I wanted to respond: Well, sugarplum, you can write with proper grammar and try not to sound smarter than you are by using words that sound fancy but that you don't understand. Shut up and be glad I didn't give you a lower grade. Apparently you are not very good at common sense, because if you've already applied for law school / med school / whatever, then they're not going to see this grade until they've already accepted you. Plus, if I gave you an A for a crappy paper, you'd keep writing crappy papers. Here's a little incentive!

I did respond: I understand that you're frustrated. Because these are personal reflection essays, grammar and style are as important as content because each essay has different content. Writing style is important, and as a future lawyer / med student / whatever, I'm sure you can appreciate how important attention to detail is. I am happy to help you with your writing if you come to my office hours. The writing center is also available for students who need help with writing.
Entitled Esther shot back with a sarcastic, rude response promising a "clearly written paper on an insipid topic" next time. Further, she claimed she will not perform well on the quizzes in the class and wants to "save points wherever I can."

Well, Esther, as the kids would say, "Save ALL the points." Or just be competent, accept that you made mistakes, and work a little harder next time.

Angry Alphonse:
He, too, was upset about his writing assignment grade but chose to confront me about it after class. I don't mean discuss rationally as adults - I mean, confront. He was visibly shaken and on the verge of tears, so I initially had some sympathy. Of course, I was the type of student who cried about a grade and then worked my ass off to fix the problems. Not so with Alphonse.

Alphonse: I don't see how I could get a C on this. I didn't think grammar was that important.

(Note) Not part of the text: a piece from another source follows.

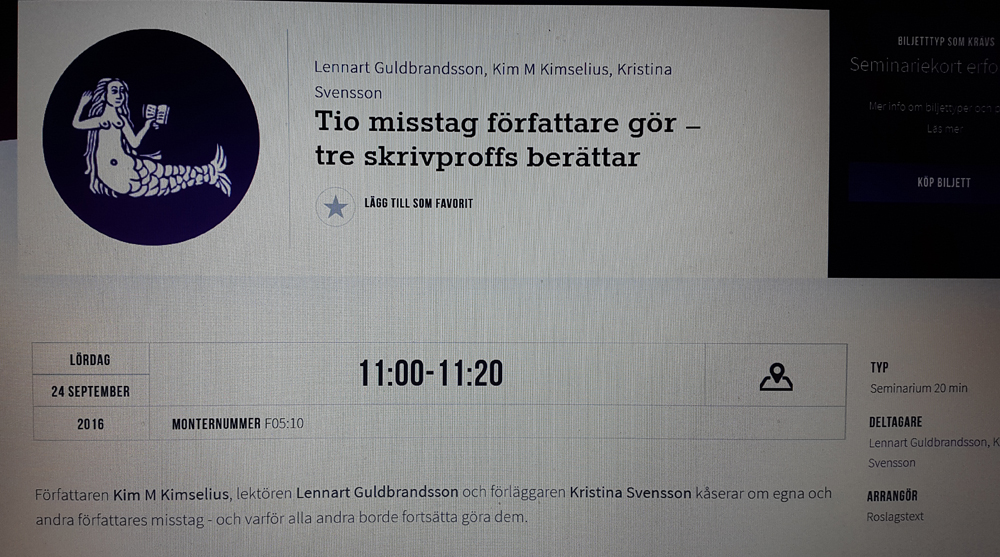 Seminariet 10 misstag författare gör Bokmässan Göteborg

Professor Leona: As I said in class, these essays will be graded on grammar and style rather than content.

Alphonse: I didn't make that many mistakes.

Professor Leona: There were several misspellings that any spell-checker would have underlined for you, and you obviously chose to ignore them. You did not capitalize several proper nouns, including the name of the city where you live. You used grammatical errors such as, "Me and my friends like hamsters." All of these contributed to your grade.

Alphonse: But you shouldn't count off so much. You took off four letter grades!

Professor Leona: Actually, four letter grades would be an F. This is two letter grades from an A, which is what I think you mean. [sidebar: Alphonse is in a major that requires a lot of math. This worries me greatly.]

Alphonse: I looked at the girl's paper next to me, and you wrote on her paper as much as mine and she only got a B.

Professor Leona: Did this student hand you her paper to look at?

Alphonse: Well, no, she just had it out on her desk so I looked at it.

Professor Leona: O_o FERPA R@##IV Y$@nfo3

Alphonse: It's just not fair.

Professor Leona: If you recall, I require all papers to be submitted electronically. You did not read the syllabus and follow directions, and you submitted a hard copy. I accepted it this time, but next time I will not. You could have received an F on this assignment for not submitting it in the proper format.

Alphonse: Well, I can see you're not going to change your mind about the grade.

And he stomped off angrily.

Let's hope that by taking a hard line with these two right away, they don't pull these shenanigans after every graded assignment. Otherwise, it's going to be a long semester because there's a graded assignment every week.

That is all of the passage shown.